Saturday, February 08, 2014

Sochi Opening Ceremonies: As Bizarre As You'd Imagine. Plus Geopolitical Nerd Fight

You just KNEW it was going to be a weird night when the Trololo song ended up in the proceedings and this happened:


As for the rest of the evening, I should preface this by saying that in my corner of Nerdworld, watching the thing with a bunch of fellow nerds turned into an argument about geopolitics. Whoever keeps trying to say that the Games are non-political is a fool.  You know, I wasn't going to bother blogging about the nerd fight, but why not ... You saw the ceremonies yourself and know the extent of its content. But you weren't in my living room. So if you want to hear what happened, it's all after the fold.

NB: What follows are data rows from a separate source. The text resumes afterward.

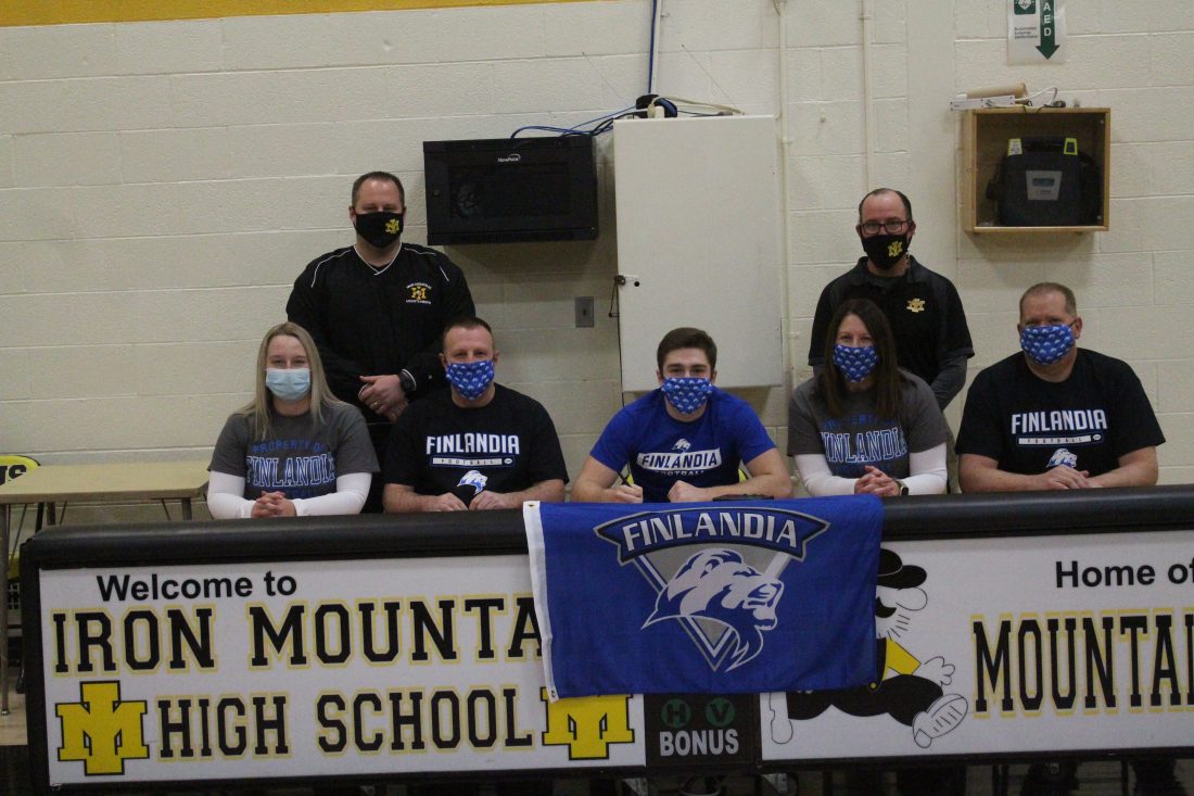 Iron Mountain senior Caleb Evosevich-Hynes, center, signed a Division III Student-Athlete Celebratory Signing Form on Monday to play football at Finlandia University in Hancock. Joining Evosevich-Hynes in the Mountaineer gymnasium are, from left, his sister Riley Paupore; his father Dick Hynes; his mother Kelly Paupore; and step-father Jason Paupore. In back are Mountaineers head football coach Robin Marttila, left, and athletic director Donny Bianco. Evosevich-Hynes said the coaching staff at Finlandia wants him to play free safety. He intends on majoring in sports management. Evosevich-Hynes said he wouldn’t be in the position to play college football without his coaches and teammates, and he expressed his appreciation.
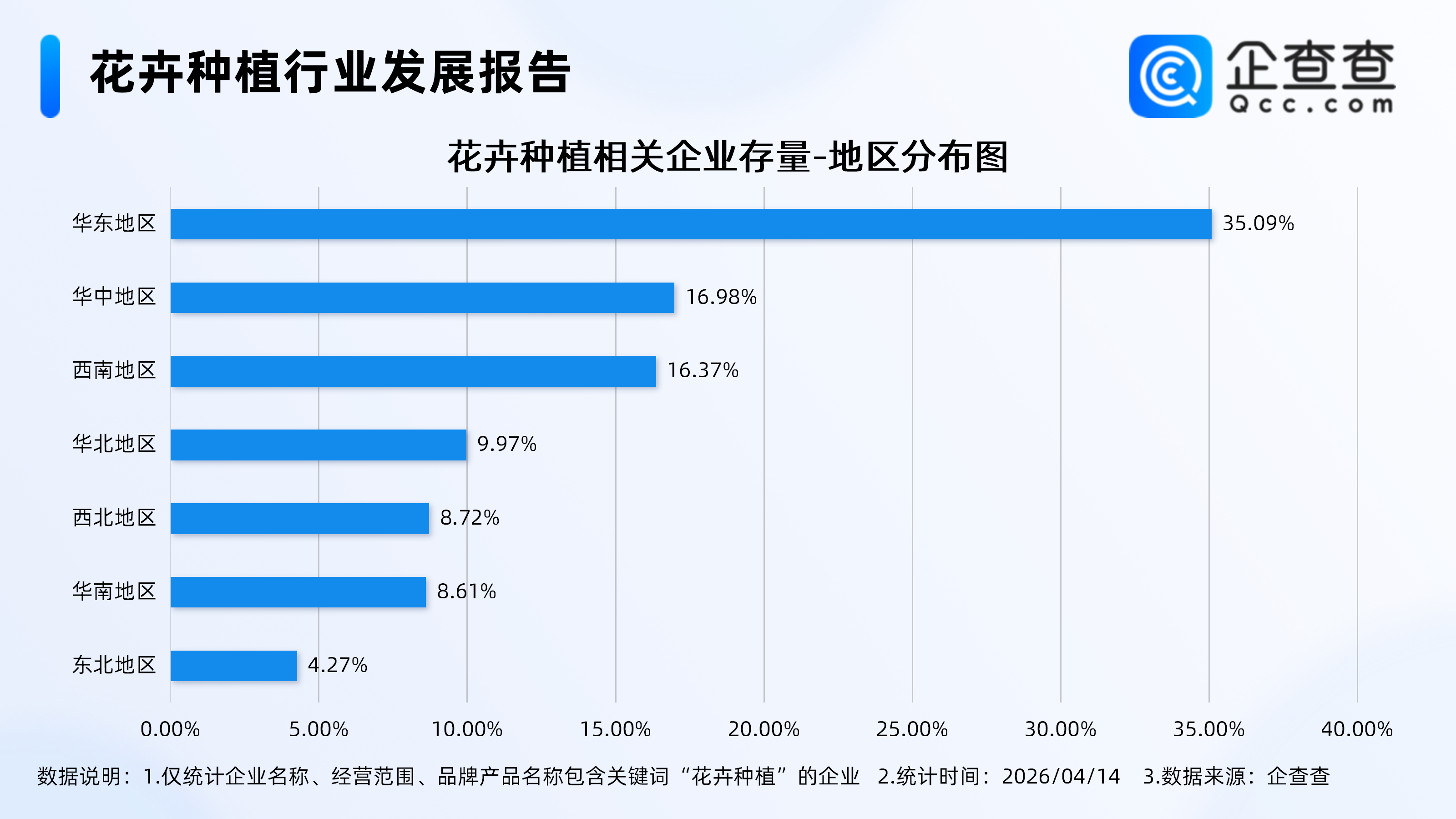 企查查数据显示,花卉种植相关企业多分布在华东地区,占比35.09%。其次,华中、西南地区分别占比16.98%、16.37%。华北、西北、华南、东北地区占比均在10%以下。
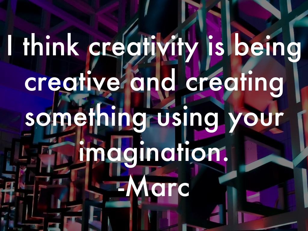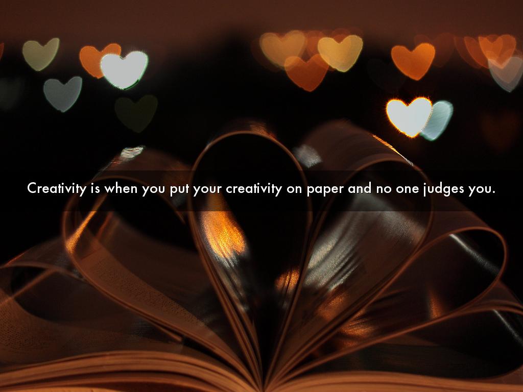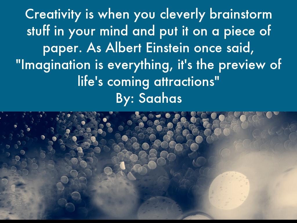 Creativity is when you cleverly brainstorm stuff in your mind and put it on a piece of paper. As Albert Einstein once said, "Imagination is everything, it's the preview of life's coming attractions"

Warning: This is probably how you'll feel as spectator to a nerd fight:



On with the show, shall we?  You weren't there when that idiotic "Chinese Taipei" flag marched into the arena and some of my peeps and I said what we say every time this happens: "IT'S TAIWAN, DAMMIT, TAIWAN!"

At this someone (not Asian... I don't want to be racist, but I'm just reporting) objected and said nobody on Taiwan calls it "Taiwan."  Seriously.  Actually said that.  I'm sure all my relatives are going to be delighted to be told that they don't do what they've done all their lives.  OK, fine, occasionally an oldtimer will say "Formosa."  And the one thing that nobody calls it is GORRAM "CHINESE TAIPEI."



I had to stop a moment to be sure I heard what I thought I heard.  I was hoping so badly that I was wrong.  But I wasn't, and suddenly this was me:



"Yeah," I finally said.  "Nobody except the 23 million natives who live on the island and everyone in my family."

I was hoping this would be the end of it, but NO!  This person then proceeds to try and tell me about being Taiwanese.  You know, that's bloody rich, someone trying to correct a Taiwanese on how to be Taiwanese.  A non-Asian to boot!  I don't want to open an ugly can of race-based worms, but I'll just leave it up to your imagination.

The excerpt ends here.